Our team chose to use Spyro the Dragon as our inspiration because it had clean and simple mechanics which we felt could be expanded on in interesting ways.

After we had recreated the core mechanics of Spyro the Dragon in Unreal Engine 4, we began to experiment with new mechanics to replace or modify the base we had developed.

This iteration process spanned the middle two months of development time and consisted of four two-week sprints in which each designer would develop new mechanics as well as blockout levels to showcase them. These iterations would regularly build off of each other, allowing us to work faster as we developed a code base and an understanding of the game over time.

During the last month, we focused on polishing the game by adding audio and video feedback for the player, new textures and assets courtesy of our art team, and bug hunting individually and as a team.

Trailer

We created a trailer for our game by cutting together gameplay footage and exported camera footage from UE4’s cinematic system.

Postmortem

Below is a short postmortem video recorded by the team during the last weeks of our degree program. We discuss what went well, what we could have done better, and what we learned from the project.

Preproduction

Our first month was spent primarily on getting the game in a functional prototype state so that we could begin our iteration. This meant getting the player model up and moving, creating a toybox for testing and metrics, and designing some of the earliest iterations of our base mechanics.

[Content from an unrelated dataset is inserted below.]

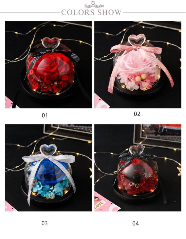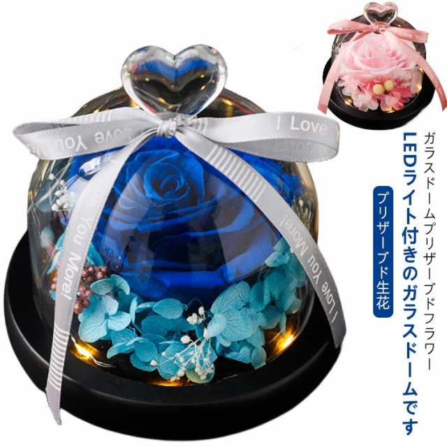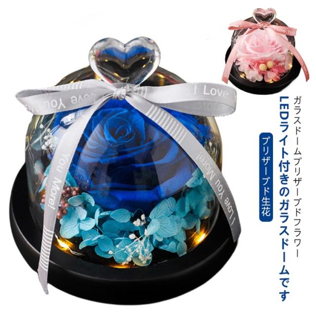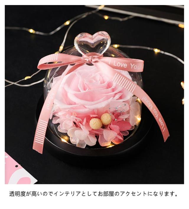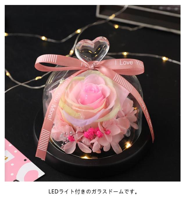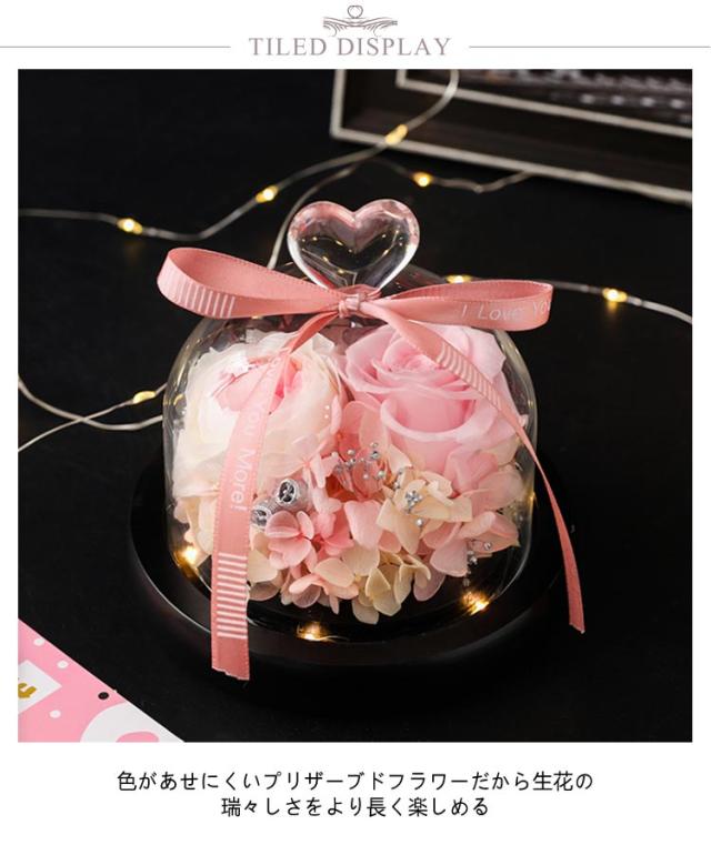 プリザーブドフラワー ガラスドーム付き ライト付き 電池式 誕生日 退職祝い ホワイトデー お返し プレゼント ギフト プリザーブド生花 ローズ バラ フラワー 結婚記念日 還暦祝い 贈り物 人気 女性 男性 退職 お祝い 母の日

Selected Milestone Reviews

Systems Integration

This is where we started implementing new ideas into the game. Each designer was tasked with creating at least one major mechanic and one blockout level per sprint, giving us a wide range of ideas to work with when the time came to narrow them down.

Game Balancing

As we passed the halfway point of the project, the team began focusing more on refining and building on our original ideas. This is where the game stopped playing like Spyro the Dragon and became its own experience.